Even now, in her 70s, she's on "five boards and six committees -- or is it six boards and five committees? I can never remember," she says with a laugh.

In her spare time, Sr. Hughes enjoys hiking and doing puzzles, often applying the latter skill to complex problems raised at board meetings.

"At many meetings she will look like she is not listening because she is doodling," Sr. Murphy said. "But then she is always spot on with her questions."
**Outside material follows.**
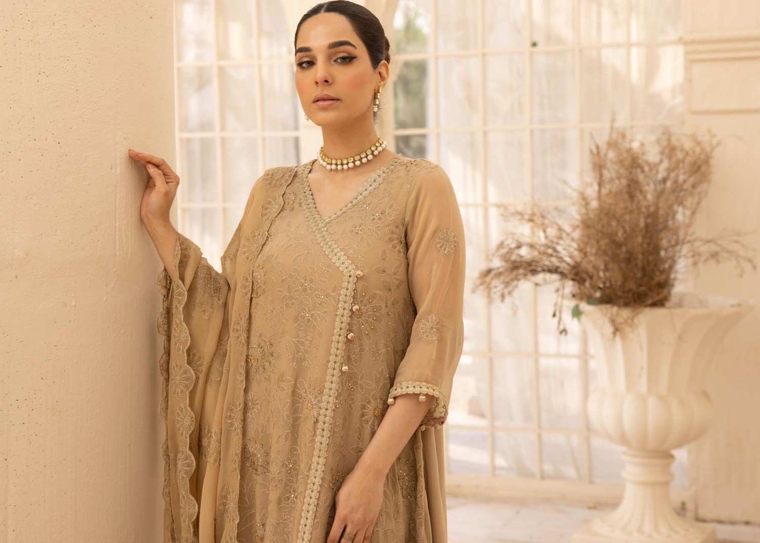•Embroidered And Hand Embellished Work Chiffon Sleeves.

Sr. Hughes sees challenges ahead for Catholic health care and health care in general during what she calls "the most turbulent era I have been involved with."

Among those challenges are web-based medicine, changing reimbursement patterns, how to confront the opioid and obesity crises and "the bigger issues of what needs to be in a hospital and what doesn't need to be," she said.

She urged her colleagues in health care to "stay the course and keep up their spirits" in changing times. "The mission of Catholic health care is even more critical now than it has ever been."